Die Klassenfrage bleibt zentral

01.08.2003

ArbeiterInnenklasse, gesellschaftliche Normalität und radikaler Systemwechsel

Als vor einigen Jahren im Entwurf zu einem neuen Grundsatzprogramm des Deutschen Gewerkschaftsbundes die Behauptung aufgestellt wurde, der Widerspruch zwischen Lohnarbeit und Kapital wäre nicht mehr der entscheidende Gegensatz in der modernen Gesellschaft, blieb der Widerspruch sehr schwach. Ein Teil der gesellschaftlichen Opposition tröstete sich mit "neuen" Analysen: die Linke innerhalb der grünen und ökologisch motivierten Bewegung verteidigte ihre Auffassung, dass "Menschheits"- oder "Gattungsfragen" zum wichtigsten Ausgangspunkt für gesellschaftliche Veränderung geworden wären. Andere, kleinere linke Strömungen theoretisierten einen bereits final fortgeschrittenen Verfaulungsprozess der kapitalistischen Produktionsweise, ein Absterben der "Arbeit" und eine gesellschaftliche Polarisierung an der Frage, ob an diesem System weiter mitgewirkt werden solle. "Post-politische" Verweigerungsbewegung stünde gegen die kollektive Mitmachgemeinschaft aus Kapital, Industriearbeiterschaft, traditioneller Linker und Gewerkschaftsbewegung. Drittens tauchten auch in der globalisierungskritischen Bewegung nicht gerade neue theoretische Ansätze auf: der Widerspruch zwischen Reich und Arm, zwischen Nord und Süd, zwischen "Multitude und Empire" wären Schlüsselfragen, kombiniert mit neuen Erklärungsversuchen, wie die Ausbeutung funktioniere und warum das von Marx formulierte Wertgesetz seine überragende Gültigkeit verloren hätte.

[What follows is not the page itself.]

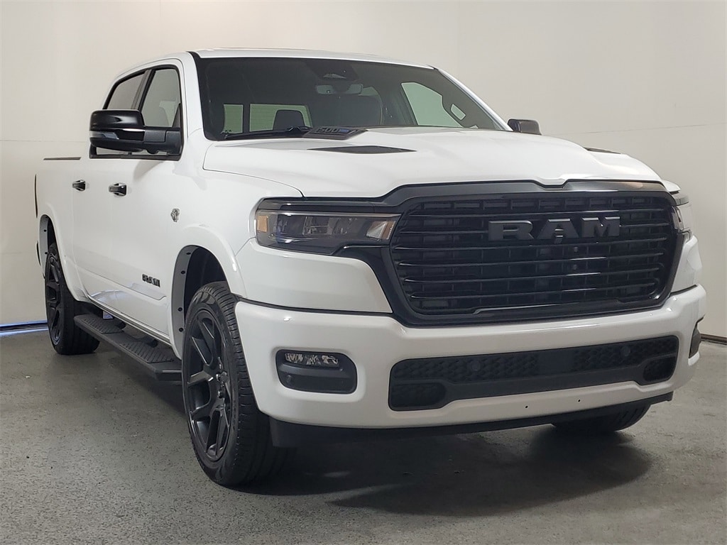 This 1500 is well equipped with Laramie Level 2 Equipment Group (14.4" Touchscreen Display, 4G LTE Wi-Fi Hot Spot, Cluster 12" TFT Color Display, Connected Travel and Traffic Services, Connectivity - US/Canada, Front Passenger Interactive Display, GPS Navigation, Harman/Kardon 19 Speaker Premium Sound, Integrated Center Stack Radio, Integrated Voice Command with Bluetooth, Power Tailgate, Radio: Uconnect 5 Nav with 14.4" Display, Rain Sensitive Windshield Wipers, SiriusXM Radio Service, SiriusXM with 360L, and USB Host Flip), Night Edition (Accent Color Door Handles, Accent Color Premium Power Mirrors, Accent Color Tailgate Handle, Anti-Spin Differential Rear Axle, Auto Power-Folding Mirrors, Auto-Dimming Exterior Driver Mirror, Black Exterior Truck Badging, Black Headlamp Bezels, Black Interior Accents, Black Painted Exterior Mirrors Caps, Black Tail Lamp Bezels, Body Color Front Bumper, Body Color Rear Bumper with Step Pads, Convex Wide-Angle Exterior Mirror Insert, Dual Exhaust with Black Tips, Exterior Mirrors Approach Lamps, Exterior Mirrors Courtesy Lamps, Exterior Mirrors with Heating Element, Exterior Mirrors with Memory, Exterior Mirrors with Supplemental Signals, Grille Surround 3 Black Texture 2 Black, Pirelli Brand Tires, Proximity Approach/Departure Lamps, RAM Grille Badge - Black, Sport Performance Hood, and Wheels: 22" x 9" Forged Aluminum), Quick Order Package 27H Laramie, 10 Speakers, 4-Wheel Disc Brakes, ABS brakes, Active Noise Control System, Air Conditioning, Alloy wheels, AM/FM radio: SiriusXM with 360L, Apple CarPlay/Android Auto, Audio memory, Auto High-beam Headlights, Auto-dimming door mirrors, Auto-dimming Rear-View mirror, Automatic temperature control, Brake assist, Bumpers: chrome, Chrome Exterior Mirrors, Compass, Delay-off headlights, Dome Dual LED Reading Lamp, Driver door bin, Driver vanity mirror, Dual front impact airbags, Dual front side impact airbags, Dual-Pane Panoramic Sunroof, Electronic Stability Control, Front anti-roll bar, Front Bucket Seats, Front Center Armrest w/Storage, Front dual zone A/C, Front fog lights, Front reading lights, Front wheel independent suspension, Fully automatic headlights, Garage door transmitter, Heated door mirrors, Heated front seats, Heated rear seats, Heated steering wheel, Illuminated entry, Leather steering wheel, Leather Trimmed Bucket Seats, LED Dome/Reading Lamp, Low tire pressure warning, Memory seat, MOPAR Front and Rear Rubber Floor Mats, MyFlexCare Service Plan, Navigation System, Occupant sensing airbag, Off-Road Information Pages, Outside temperature display, Overhead airbag, Overhead console, Panic alarm, ParkView Rear Back-Up Camera, Passenger door bin, Passenger vanity mirror, Power door mirrors, Power driver seat, Power passenger seat, Power steering, Power windows, Radio data system, Radio: Uconnect 5 Navigation with 12.0" Display, RAM Grille Badge - Chrome, Rear anti-roll bar, Rear reading lights, Rear seat center armrest, Rear step bumper, Remote keyless entry, Security system, Speed control, Split folding rear seat, Steering wheel mounted audio controls, Tachometer, Telescoping steering wheel, Tilt steering wheel, Traction control, Trip computer, Turn signal indicator mirrors, Variably intermittent wipers, Ventilated Some customers may not qualify for all rebates listed, see dealer for details. Price includes: $3500 - 2026 National Retail Consumer Cash . Exp

Geradezu mit Leidenschaft wurde die Behauptung von der Entschärfung des Widerspruchs zwischen Lohnarbeit und Kapital von der Sozialdemokratie aufgegriffen und fortgeschrieben. Eine ganze Generation neuer sozialdemokratischer Führer definierte sich über die erneute Auflage einer ”Dritte-Weg-Theorie”. New Labour, die Schröder-SPD und fast alle übrigen europäischen Parteien der Sozialistischen Internationale spürten Aufwind, eine schnöde Rechtsentwicklung und Unterwerfung unter die bürgerliche Politik als modern verkaufen zu können. Ihr kurzfristiger "Erfolg", in fast allen Ländern Europas die Regierung zu stellen oder zu führen, ist schon wieder verrauscht. Mehr als eine traurige Episode der unendlichen Geschichte sozialdemokratischer Unterwerfung unter das Diktat der Konzerne und Militärstrategen der Bourgeoisie ist es nicht geworden. Aber es hat aus deutscher Sicht immerhin dazu geführt, dass ein großer Teil der Grünen, der Gewerkschaftsbewegung und aktuell auch der PDS wieder brav in den von der SPD getrampelten Pfaden stapft. Nimmt man dazu die historisch gesehen verbrecherische Großtat der SPD, dem deutschen Imperialismus die Tür zu neuer ungebremster Großmachtpolitik und militärischen Welteinsätzen geöffnet zu haben, so scheint diese Episode sozialdemokratischer Politik aus der Sicht der Herrschenden glänzend abgeschlossen zu sein.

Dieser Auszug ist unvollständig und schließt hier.